** Opening DATA TO PROCESS block **

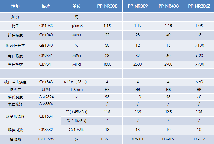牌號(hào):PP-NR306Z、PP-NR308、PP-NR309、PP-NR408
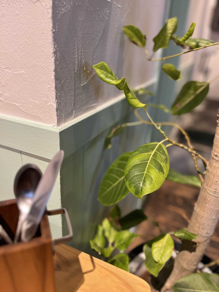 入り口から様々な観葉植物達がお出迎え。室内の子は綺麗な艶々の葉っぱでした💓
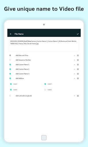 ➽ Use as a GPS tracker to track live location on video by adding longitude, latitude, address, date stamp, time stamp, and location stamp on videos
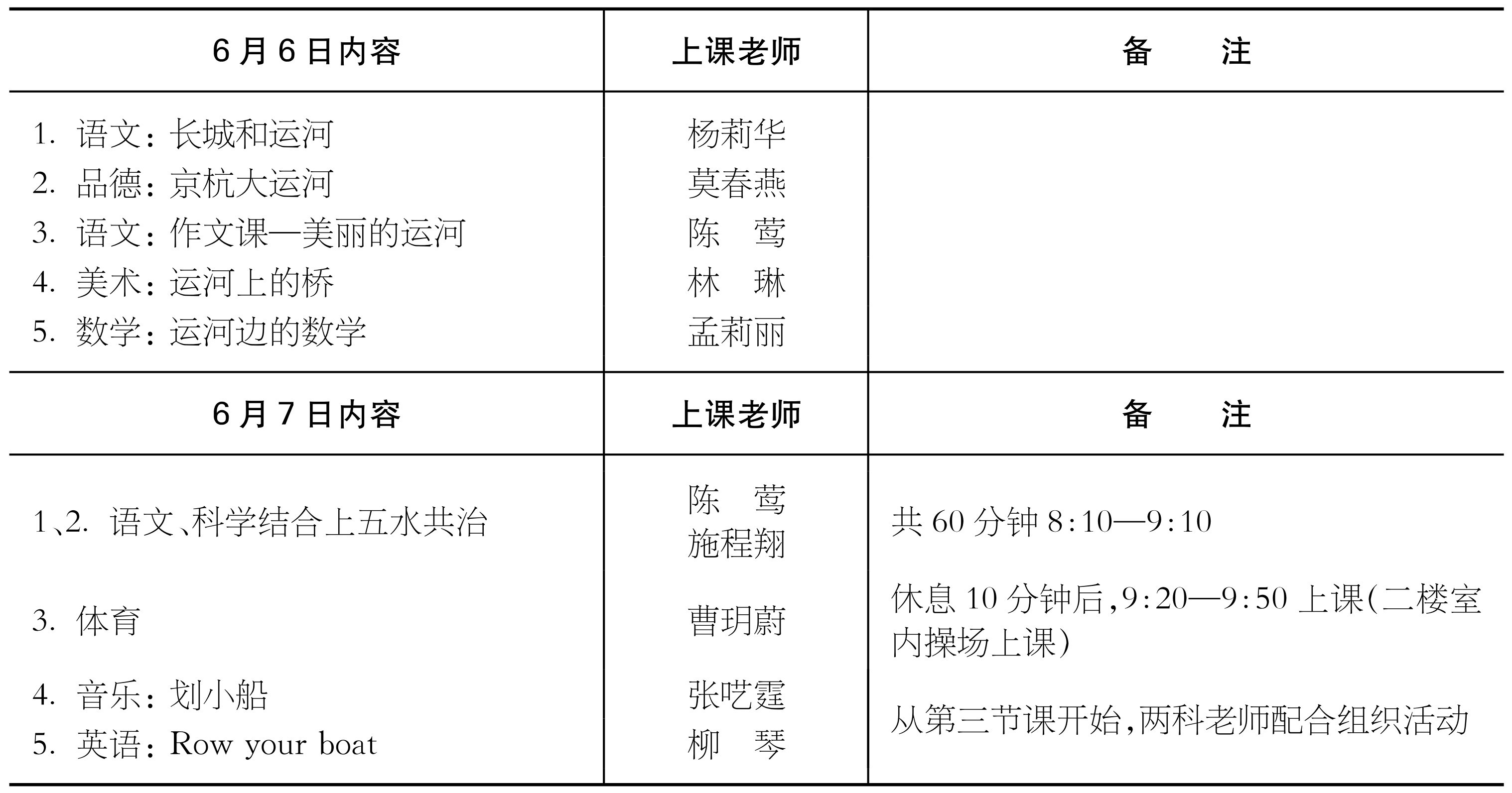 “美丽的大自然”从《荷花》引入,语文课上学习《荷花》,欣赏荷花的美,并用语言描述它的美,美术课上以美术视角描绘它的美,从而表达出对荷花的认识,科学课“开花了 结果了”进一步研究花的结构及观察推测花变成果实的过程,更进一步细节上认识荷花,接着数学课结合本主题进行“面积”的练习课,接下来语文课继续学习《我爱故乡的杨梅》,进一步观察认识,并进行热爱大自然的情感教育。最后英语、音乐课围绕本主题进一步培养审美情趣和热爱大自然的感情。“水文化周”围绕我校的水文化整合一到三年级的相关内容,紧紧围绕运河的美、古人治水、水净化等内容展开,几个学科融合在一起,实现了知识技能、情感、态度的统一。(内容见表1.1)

** Closing DATA TO PROCESS block **
** Opening DATA TO PROCESS block **

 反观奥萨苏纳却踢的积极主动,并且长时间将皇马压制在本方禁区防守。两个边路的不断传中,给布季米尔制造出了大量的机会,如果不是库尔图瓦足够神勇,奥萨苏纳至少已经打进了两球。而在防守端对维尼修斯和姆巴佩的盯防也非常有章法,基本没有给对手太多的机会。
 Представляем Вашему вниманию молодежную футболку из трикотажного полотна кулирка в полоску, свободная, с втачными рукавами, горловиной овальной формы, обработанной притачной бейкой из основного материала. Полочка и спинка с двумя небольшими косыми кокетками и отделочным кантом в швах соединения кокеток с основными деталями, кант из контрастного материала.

** Closing DATA TO PROCESS block **
** Opening DATA TO PROCESS block **

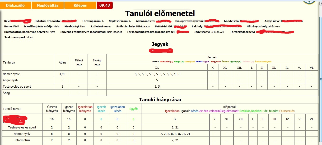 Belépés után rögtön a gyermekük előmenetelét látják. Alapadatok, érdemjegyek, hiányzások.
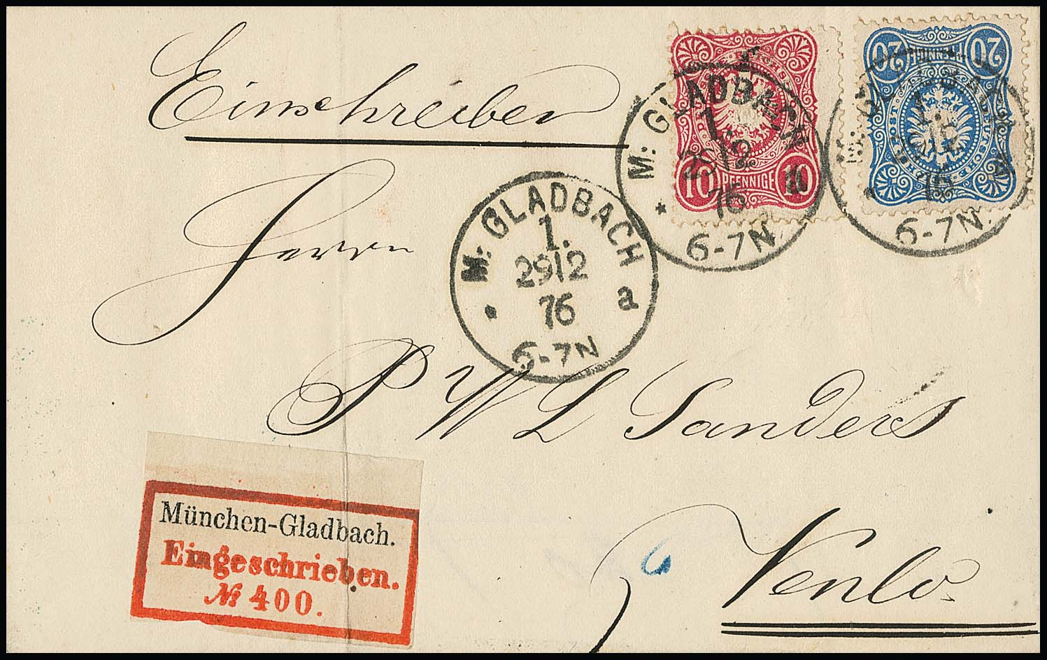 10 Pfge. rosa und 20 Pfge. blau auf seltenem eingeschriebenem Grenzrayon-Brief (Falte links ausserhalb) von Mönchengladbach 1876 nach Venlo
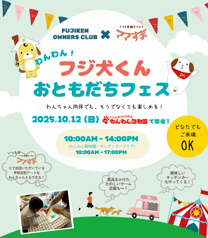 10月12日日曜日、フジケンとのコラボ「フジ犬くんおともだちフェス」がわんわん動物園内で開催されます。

** Closing DATA TO PROCESS block **

## TASK ITEM
Output should consist of the lines above from the one with "牌號(hào):PP-NR3" down to the one with "stamp on videos", exact and without pictures.

## TASK RESPONSE
牌號(hào):PP-NR306Z、PP-NR308、PP-NR309、PP-NR408
 入り口から様々な観葉植物達がお出迎え。室内の子は綺麗な艶々の葉っぱでした💓
 ➽ Use as a GPS tracker to track live location on video by adding longitude, latitude, address, date stamp, time stamp, and location stamp on videos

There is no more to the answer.